START STORED DATA

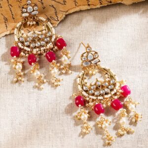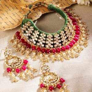 Jewellery Set : Experience the perfect blend of tradition and modern elegance with the 22K Gold Plated Handcrafted Kundan Choker Set. Each choker is meticulously handcrafted and features a luxurious 22K gold plating that radiates timeless sophistication. The intricate Kundan detailing is highlighted in a vibrant green hue and beautifully accented with striking ruby elements and delicate white beads. This harmonious interplay of colors and textures not only showcases exquisite craftsmanship but also creates a captivating statement piece suitable for weddings, festive occasions, or any special event. More than just an accessory, the choker set is a timeless heirloom designed to enhance your look with a unique touch of regal charm and contemporary flair. Occasion : Bring your style to a whole new level with this handcrafted piece of jewellery. When you’re celebrating a special Occasion : – a birthday, wedding, festive or personal milestone – this piece adds that extra something that makes us feel special and looking our best. Material : & Care Dimension : Length : 13 cm / 7 cm, Width: 9 cm / 3.5 cm Net Weight: 40.30 g Net Quantity : 1 Necklace & 1 Pair of Earrings Material : Brass Care Label : It is advisable to avoid contact with water and organic chemicals i.e. perfume sprays. Store jewellery in airtight box. After use, wipe the jewellery with soft cotton cloth.
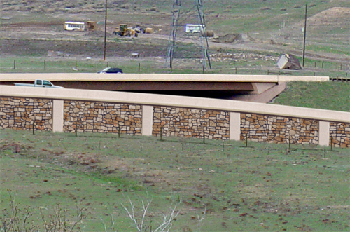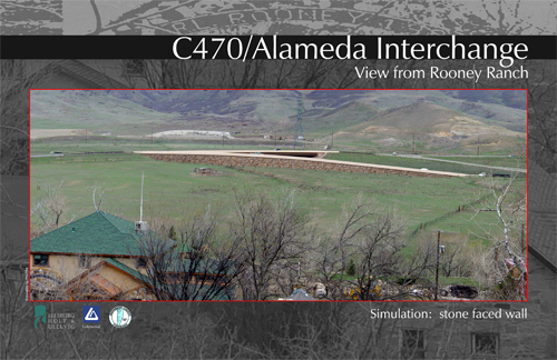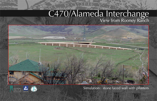A photograph was selected from the survey to represent existing conditions for the simulations. The alternatives included a fill slope on district property with native seeding or retaining wall. Architectural wall treatments included a conventional wall, a stone faced wall or a stone faced wall with accent pilasters.
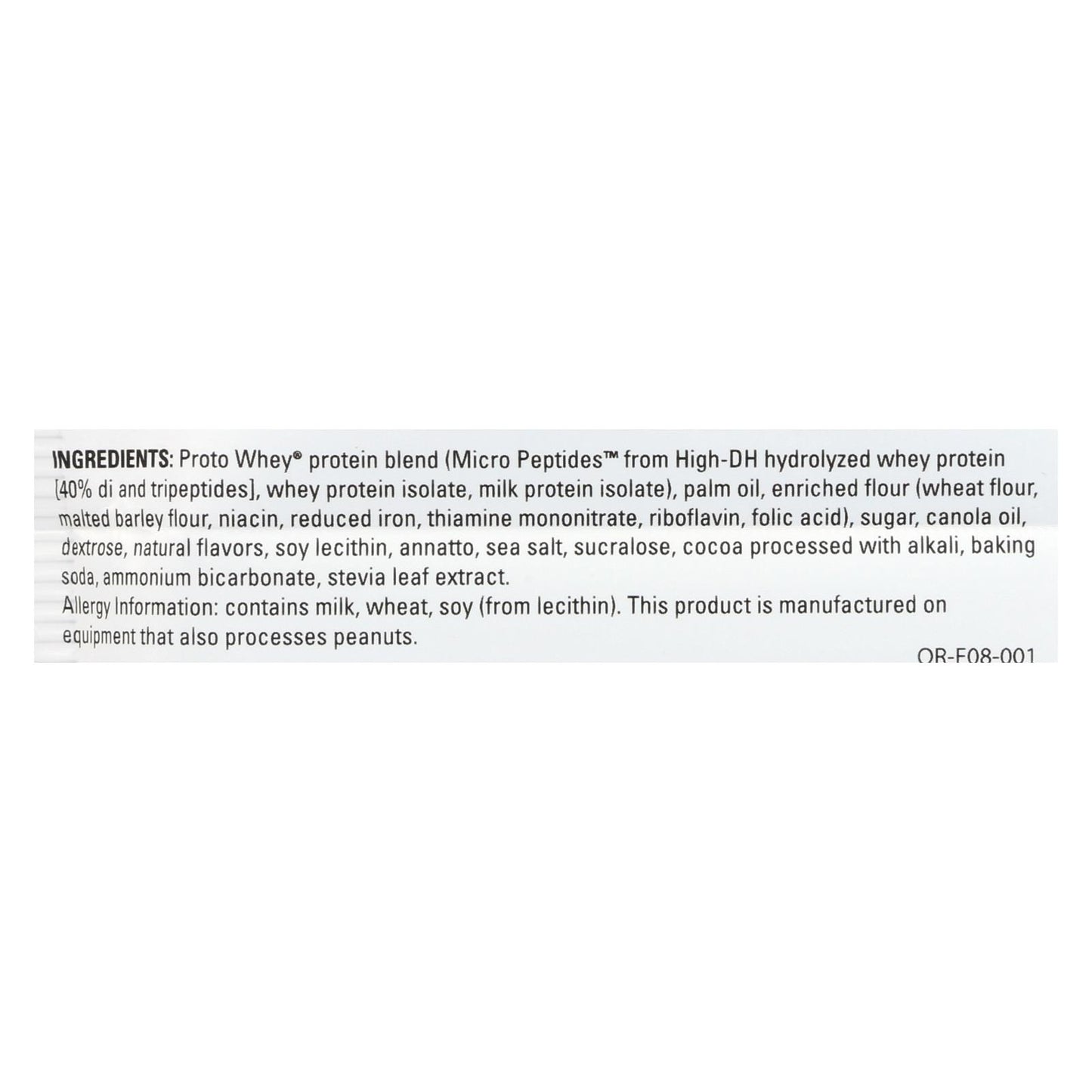 ingredients : proto whey® protein blend (micro peptides™ from high-dh hydrolyzed whey protein [40% di and tripeptides], whey protein isolate, milk protein isolate);palm oil;enriched flour (wheat flour, malted barley flour, niacin, reduced iron, thiamine mononitrate, riboflavin, folic acid);sugar;canola oil;dextrose;natural flavors;soy lecithin;annatto;sea salt;sucralose;cocoa processed with alkali;baking soda;ammonium bicarbonate;stevia leaf extract
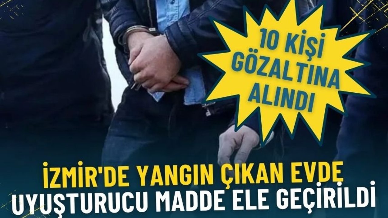 İzmir'in Karabağlar ilçesinde yangın çıkan evde uyuşturucu madde ele geçirildi, 10 şüpheli gözaltına alındı.

END STORED DATA

INSTRUCTIONS TO FOLLOW ->
Word for word, return the material above; the pictures stay out.

COMPLETED EXERCISE ->
 Jewellery Set : Experience the perfect blend of tradition and modern elegance with the 22K Gold Plated Handcrafted Kundan Choker Set. Each choker is meticulously handcrafted and features a luxurious 22K gold plating that radiates timeless sophistication. The intricate Kundan detailing is highlighted in a vibrant green hue and beautifully accented with striking ruby elements and delicate white beads. This harmonious interplay of colors and textures not only showcases exquisite craftsmanship but also creates a captivating statement piece suitable for weddings, festive occasions, or any special event. More than just an accessory, the choker set is a timeless heirloom designed to enhance your look with a unique touch of regal charm and contemporary flair. Occasion : Bring your style to a whole new level with this handcrafted piece of jewellery. When you’re celebrating a special Occasion : – a birthday, wedding, festive or personal milestone – this piece adds that extra something that makes us feel special and looking our best. Material : & Care Dimension : Length : 13 cm / 7 cm, Width: 9 cm / 3.5 cm Net Weight: 40.30 g Net Quantity : 1 Necklace & 1 Pair of Earrings Material : Brass Care Label : It is advisable to avoid contact with water and organic chemicals i.e. perfume sprays. Store jewellery in airtight box. After use, wipe the jewellery with soft cotton cloth.
A photograph was selected from the survey to represent existing conditions for the simulations. The alternatives included a fill slope on district property with native seeding or retaining wall. Architectural wall treatments included a conventional wall, a stone faced wall or a stone faced wall with accent pilasters.
 ingredients : proto whey® protein blend (micro peptides™ from high-dh hydrolyzed whey protein [40% di and tripeptides], whey protein isolate, milk protein isolate);palm oil;enriched flour (wheat flour, malted barley flour, niacin, reduced iron, thiamine mononitrate, riboflavin, folic acid);sugar;canola oil;dextrose;natural flavors;soy lecithin;annatto;sea salt;sucralose;cocoa processed with alkali;baking soda;ammonium bicarbonate;stevia leaf extract
 İzmir'in Karabağlar ilçesinde yangın çıkan evde uyuşturucu madde ele geçirildi, 10 şüpheli gözaltına alındı.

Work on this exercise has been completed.